*** Study material ***

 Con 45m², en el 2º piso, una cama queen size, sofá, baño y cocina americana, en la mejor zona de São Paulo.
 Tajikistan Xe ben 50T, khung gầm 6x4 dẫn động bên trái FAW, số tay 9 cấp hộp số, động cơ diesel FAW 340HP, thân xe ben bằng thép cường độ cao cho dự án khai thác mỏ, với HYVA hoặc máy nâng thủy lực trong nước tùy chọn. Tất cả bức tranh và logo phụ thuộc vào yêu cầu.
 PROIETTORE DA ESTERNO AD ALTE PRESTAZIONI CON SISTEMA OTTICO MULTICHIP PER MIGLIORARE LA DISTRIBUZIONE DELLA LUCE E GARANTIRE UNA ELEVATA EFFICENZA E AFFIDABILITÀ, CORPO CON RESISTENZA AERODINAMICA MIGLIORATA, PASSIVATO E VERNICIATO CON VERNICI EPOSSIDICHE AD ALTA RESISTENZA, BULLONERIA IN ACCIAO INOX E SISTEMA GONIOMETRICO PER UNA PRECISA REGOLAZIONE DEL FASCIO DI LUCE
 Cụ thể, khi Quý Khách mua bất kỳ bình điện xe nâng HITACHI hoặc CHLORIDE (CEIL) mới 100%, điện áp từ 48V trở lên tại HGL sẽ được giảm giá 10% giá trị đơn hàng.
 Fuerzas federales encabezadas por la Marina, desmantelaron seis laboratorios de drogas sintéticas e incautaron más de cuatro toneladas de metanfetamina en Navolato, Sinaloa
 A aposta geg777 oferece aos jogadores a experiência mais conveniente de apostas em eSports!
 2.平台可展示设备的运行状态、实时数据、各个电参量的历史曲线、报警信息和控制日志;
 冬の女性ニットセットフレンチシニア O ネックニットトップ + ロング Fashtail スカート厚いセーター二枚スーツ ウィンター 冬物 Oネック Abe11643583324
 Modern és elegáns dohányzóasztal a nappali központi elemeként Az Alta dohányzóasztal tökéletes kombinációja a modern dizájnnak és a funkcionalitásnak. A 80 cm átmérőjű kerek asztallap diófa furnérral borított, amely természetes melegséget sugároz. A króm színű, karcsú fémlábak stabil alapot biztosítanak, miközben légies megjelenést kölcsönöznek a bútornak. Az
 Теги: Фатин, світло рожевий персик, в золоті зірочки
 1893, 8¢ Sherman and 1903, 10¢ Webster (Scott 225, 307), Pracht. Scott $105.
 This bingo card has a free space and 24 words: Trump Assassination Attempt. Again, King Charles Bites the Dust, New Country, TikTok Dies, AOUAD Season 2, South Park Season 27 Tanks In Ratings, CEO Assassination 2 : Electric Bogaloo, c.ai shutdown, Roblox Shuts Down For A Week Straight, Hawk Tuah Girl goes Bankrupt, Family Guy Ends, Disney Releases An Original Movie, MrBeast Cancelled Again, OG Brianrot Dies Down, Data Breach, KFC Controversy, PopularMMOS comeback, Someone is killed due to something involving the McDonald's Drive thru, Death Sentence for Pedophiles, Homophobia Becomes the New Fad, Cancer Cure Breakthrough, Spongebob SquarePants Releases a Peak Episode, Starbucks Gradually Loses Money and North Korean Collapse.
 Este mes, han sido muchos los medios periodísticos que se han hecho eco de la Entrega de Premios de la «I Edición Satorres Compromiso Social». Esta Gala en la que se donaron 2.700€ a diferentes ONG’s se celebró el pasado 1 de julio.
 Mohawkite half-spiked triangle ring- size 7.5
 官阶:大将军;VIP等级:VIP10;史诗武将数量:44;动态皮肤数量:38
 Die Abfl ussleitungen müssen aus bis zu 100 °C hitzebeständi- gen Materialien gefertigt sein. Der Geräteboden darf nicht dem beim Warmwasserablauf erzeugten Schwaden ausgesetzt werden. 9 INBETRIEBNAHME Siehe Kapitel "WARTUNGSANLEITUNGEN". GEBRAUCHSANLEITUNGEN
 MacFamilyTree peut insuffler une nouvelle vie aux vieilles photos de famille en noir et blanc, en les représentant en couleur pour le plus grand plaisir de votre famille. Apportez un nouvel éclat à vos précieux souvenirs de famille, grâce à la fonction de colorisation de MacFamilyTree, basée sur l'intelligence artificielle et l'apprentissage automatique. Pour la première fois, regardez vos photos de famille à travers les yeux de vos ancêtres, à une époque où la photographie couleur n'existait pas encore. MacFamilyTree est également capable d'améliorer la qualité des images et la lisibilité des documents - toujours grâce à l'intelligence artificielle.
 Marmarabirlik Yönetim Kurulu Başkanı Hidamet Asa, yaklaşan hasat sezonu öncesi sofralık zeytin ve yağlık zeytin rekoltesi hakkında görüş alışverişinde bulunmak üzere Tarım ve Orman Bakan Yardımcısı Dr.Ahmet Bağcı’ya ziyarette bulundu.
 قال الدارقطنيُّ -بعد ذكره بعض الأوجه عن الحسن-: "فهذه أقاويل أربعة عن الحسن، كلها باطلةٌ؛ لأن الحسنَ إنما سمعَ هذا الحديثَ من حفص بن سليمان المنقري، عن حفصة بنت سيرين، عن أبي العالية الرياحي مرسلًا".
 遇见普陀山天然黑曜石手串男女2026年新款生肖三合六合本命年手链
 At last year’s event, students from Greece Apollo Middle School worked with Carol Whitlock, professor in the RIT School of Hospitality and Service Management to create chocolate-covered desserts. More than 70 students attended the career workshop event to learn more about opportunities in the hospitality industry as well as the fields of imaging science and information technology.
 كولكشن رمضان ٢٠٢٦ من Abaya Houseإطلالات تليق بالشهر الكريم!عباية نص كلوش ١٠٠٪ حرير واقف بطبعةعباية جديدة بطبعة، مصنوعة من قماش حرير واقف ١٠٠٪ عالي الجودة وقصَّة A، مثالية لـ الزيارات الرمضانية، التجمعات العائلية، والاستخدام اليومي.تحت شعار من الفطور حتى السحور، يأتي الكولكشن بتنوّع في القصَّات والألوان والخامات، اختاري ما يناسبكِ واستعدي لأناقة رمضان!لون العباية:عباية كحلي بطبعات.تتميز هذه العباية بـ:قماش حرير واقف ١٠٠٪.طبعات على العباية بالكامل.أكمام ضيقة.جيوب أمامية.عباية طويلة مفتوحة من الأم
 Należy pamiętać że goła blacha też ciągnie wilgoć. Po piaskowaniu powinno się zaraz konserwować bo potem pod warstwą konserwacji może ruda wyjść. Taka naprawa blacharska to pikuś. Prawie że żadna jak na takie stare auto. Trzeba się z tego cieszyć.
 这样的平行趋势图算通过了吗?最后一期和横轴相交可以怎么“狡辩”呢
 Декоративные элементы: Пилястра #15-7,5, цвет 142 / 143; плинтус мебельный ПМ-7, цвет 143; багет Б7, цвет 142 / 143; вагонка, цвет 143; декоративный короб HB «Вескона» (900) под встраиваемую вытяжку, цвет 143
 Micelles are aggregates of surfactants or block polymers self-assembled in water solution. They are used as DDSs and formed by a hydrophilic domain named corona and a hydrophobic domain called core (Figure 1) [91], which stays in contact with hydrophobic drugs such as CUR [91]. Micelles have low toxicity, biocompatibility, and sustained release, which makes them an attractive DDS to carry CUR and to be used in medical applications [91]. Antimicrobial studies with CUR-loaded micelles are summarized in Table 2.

*** End of Study material ***

Above are the entries. Quote exactly the lines from the one bearing "قال الدارقطنيُّ -بعد" through the one bearing "At last year’s".

 قال الدارقطنيُّ -بعد ذكره بعض الأوجه عن الحسن-: "فهذه أقاويل أربعة عن الحسن، كلها باطلةٌ؛ لأن الحسنَ إنما سمعَ هذا الحديثَ من حفص بن سليمان المنقري، عن حفصة بنت سيرين، عن أبي العالية الرياحي مرسلًا".
 遇见普陀山天然黑曜石手串男女2026年新款生肖三合六合本命年手链
 At last year’s event, students from Greece Apollo Middle School worked with Carol Whitlock, professor in the RIT School of Hospitality and Service Management to create chocolate-covered desserts. More than 70 students attended the career workshop event to learn more about opportunities in the hospitality industry as well as the fields of imaging science and information technology.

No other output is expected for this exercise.